On my husband’s twentieth birthday we’d been dating about six months and three of those I spent in Arizona without him. I was determined to show him my care for him by baking him a birthday cake. These were the days before bakeries with fancy custom cakes on every corner.
I spent my Friday afternoon baking a chocolate cake and smothering it in cream cheese icing. I also bought twenty blue candles. We were eating dinner at my Mamaw’s house (that’s a Southern name for your grandmother). I snuck the cake over to her house and hid it in the kitchen.
After we finished supper I went to the kitchen and carefully placed all those candles on the cake. Then I began to light them. My Mamaw had matches instead of a lighter. Let me tell you one match will not light twenty candles. I started on the outside row and then used a lit candle to light all the others.
Some of you who have celebrated birthdays with more than a few candles already spotted my mistake. You never start lighting candles from the outside in. By the time I realized this I was already too deep in flames to turn back. So I kept lighting. And that blue candle kept burning. And burning. As it burned the wax dripped all over the beautiful white cream cheese icing.
I can not remember if I was laughing or mortified when I took that flaming cake into the dining room where my family sang happy birthday to my beloved. He took one look at the cake, grinned, and said, “What are those blue dots?” It’s a good thing he’d already blown out the candles.
He still teases me about those blue dots. It’s one of the many stories we share since we’ve now been together half our lives.
The blue dots are one of the memories of that night. I’m sure Josh and I went out after dinner at my Mamaw’s house. I don’t really remember. I do remember getting home that night. My other grandmother was living with us, a fairly new arrangement. She said offhandedly, “I wish I had some chocolate cake.”

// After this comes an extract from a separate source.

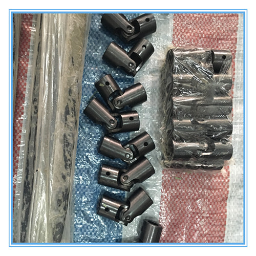 WS,WSD型十字軸式萬向聯(lián)軸器利用其結(jié)構(gòu)的特點能使不在同一軸線或軸線折角較大或軸向移動較大的兩軸等角速連續(xù)回轉(zhuǎn),并可靠地傳遞轉(zhuǎn)矩和運動。能廣泛應(yīng)用于冶金、起重、工程運輸、礦山、石油、船舶、煤炭、橡膠、造紙機械及其它重機行業(yè)的機械軸系中傳遞轉(zhuǎn)矩。主要用于傳遞運動和小轉(zhuǎn)矩,適用于聯(lián)接兩軸軸線夾角β≤45°的傳動軸系;傳遞公稱轉(zhuǎn)矩11.2~1120N·m。 十字軸式萬向聯(lián)軸器的優(yōu)點及計算轉(zhuǎn)矩: 十字軸式萬向聯(lián)軸器,這種聯(lián)軸器可以允許兩軸間有較大的夾角(夾角α****可達35°~45°),而且在機器運轉(zhuǎn)時,夾角發(fā)生改變?nèi)钥烧鲃;但當α過大時,傳動效率會顯著降低。這種聯(lián)軸器的缺點是:當主動軸角速度ω1α為常數(shù)時,從動軸的角速度ω3并不是常數(shù),而是在一定范圍內(nèi)(ω1cosα≤ω3≤ω1/cosα)變化,因而在傳動中將產(chǎn)生附加動載荷。為了改善這種情況,常將十字軸式萬向聯(lián)軸器成對使用,但應(yīng)注意安裝時必須保證Ol軸、O3軸與中間軸之間的夾角相等,并且中間軸的兩端的叉形接頭應(yīng)在同一平面內(nèi)。只有這種雙萬向聯(lián)軸器才可以得到ω1=ω3。 小型萬向聯(lián)軸器用來傳遞不在同一條軸線上的運動,有單型(WSD)、雙型(WS)、可伸縮型(WSS)、矯正機用(WHL、WSL);材料有45#鋼、40Cr、不銹鋼等;表面可作發(fā)黑、鍍鎳、鍍鋅等處理。 WSD小型萬向節(jié)聯(lián)軸器的材料:WSD十字軸采用了合金鋼(40Cr、40CrNi、20CrMo、20CrMnVB)制造,熱處理后硬度58~62HRC,其他個 零件均采用35或45鋼制造并經(jīng)熱處理48~52 HRC 。WSD聯(lián)軸器兩端連接形式:兩端采用相同孔形時,有圓柱孔、帶鍵槽圓柱孔 、四方形孔;兩端采用不同孔形時,有圓柱孔與帶鍵槽圓柱孔、有圓柱孔與四方形孔、帶鍵槽圓柱孔與與四方形孔等三種.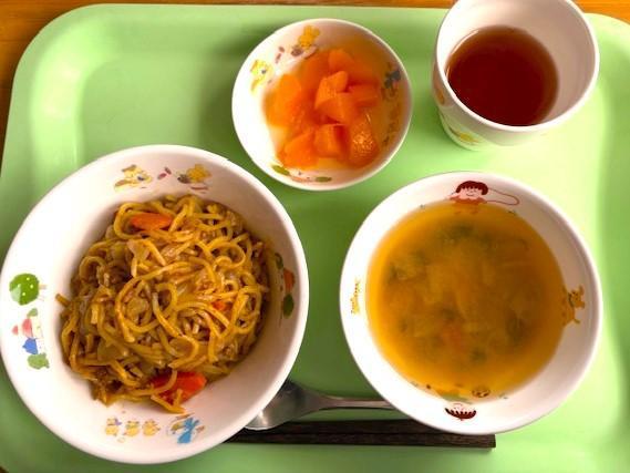 今日の給食は夏祭りをイメージした「焼きそば」です。一口食べて「おいしい」「焼きそば、好き」と感想をおしえてくれました。

It just so happened I’d brought the leftovers home. I have no idea if she knew I’d made a cake or not. Her health was failing at the time and remembering the joy a little cake brought her brings me happiness even now many years later.
Over our years together, I discovered that this boyfriend who became my husband preferred less sweet treats. His favorite cake, the one we made him this, is an Angel food cake. I text him a picture after I iced it and told him I was too tired put the blue dots on.
He replied, “Until the day I die, that will be my favorite cake.”